On 7/31/19 7:46 AM, Paul Spooren wrote:
Hi,

I hope this mail reaches the correct people!

At OpenWrt[0] there are sometimes badly styled .dts files which waste
human time to comment and fix, it would be nice to have some automatic
checks for that. Is there a tool like astyle or clang-format for device
tree files?
The bindings documents are being converted into a json-schema vocabulary.
Once in this format, the bindings to be used to validate .dts files.
See section "##Testing" in the file Documentation/devicetree/writing-schema.md
which is in the Linux kernel source tree for information on the validation
tools.

Also, dtc has been adding many checks.  See file checks.c in the dtc source
tree.
Yes, but none of those concern formatting of dts files (e.g. 8
character tabs, {} locations, spaces around '='). I think the dtc
checks code is too late in the flow to check those things, but maybe
it is possible now with the source annotations recently added now that
I think about it? My original thought was adding something at the
earlier stages with the bison/flex parsing (of which I really have no
experience with).

Rob

Good point, I mis-read Paul's email as a desire to catch errors instead
of style issues.

One possible way to see formatting style issues uses the dtx_diff
script in the Linux kernel source tree:

   scripts/dtc/dtx_diff original.dts > new.dts
   scripts/dtc/dtx_diff -f original.dts new.dts

The first command will use dtc to reformat original.dts into new.dts.

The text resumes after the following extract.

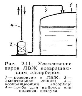 Улавливание паров легковоспламеняющихся жидкостей возвращающими абсорберами или адсорберами. Действие абсорбера или адсорбера (рис. 2.11) основано на поглощении паров жидкости соответствующим абсорбентом или адсорбентом при выходе паровоздушной смеси из резервуара наружу и отдаче их обратно при засасывании атмосферного воздуха в резервуар. Уменьшение потерь при этом не превышает 40%. Могут быть и другие варианты улавливания паров, выходящих из резервуаров и емкостей при дыхании.

The second command will compare the original .dts to the reformatted
.dts.  Without the "-f", it may be difficult to determine which node
a changed property is in.

Due to the includes, it may be difficult to determine exactly which
source file contains any given line.  The "-T" option will add file
and line information.  "-T" will be useless on the second command,
because the file reported for original.dts will be different for
every line from the file reported for new.dts, but could be
useful to find the source in the original .dts:

   scripts/dtc/dtx_diff -T original.dts

dtx_diff uses the dtc sort option by default.  If you want the diff
to be ordered more like the original.dts, use:

   scripts/dtc/dtx_diff -u original.dts > new.dts
   scripts/dtc/dtx_diff -u -f original.dts new.dts
Right.  More generally, dtc -I dts -O dts can kind of be used as a
reformatting tool.  Now that we have type annotations it should no
longer mangle decisions about how to encode information which it would
have in the past.  It will still strip comments, however.
We came up with this idea before but comments are to important to drop
them.
Right, it's not a solution as it stands, but it might be a starting
point.

I think it's probably not practical to try to preserve comments
through the dtc run.  However, it might be reasonable to copy the dtc
bison file and make a comment preserving indenting tool.  We did
something somewhat similar for convert-dtsv0.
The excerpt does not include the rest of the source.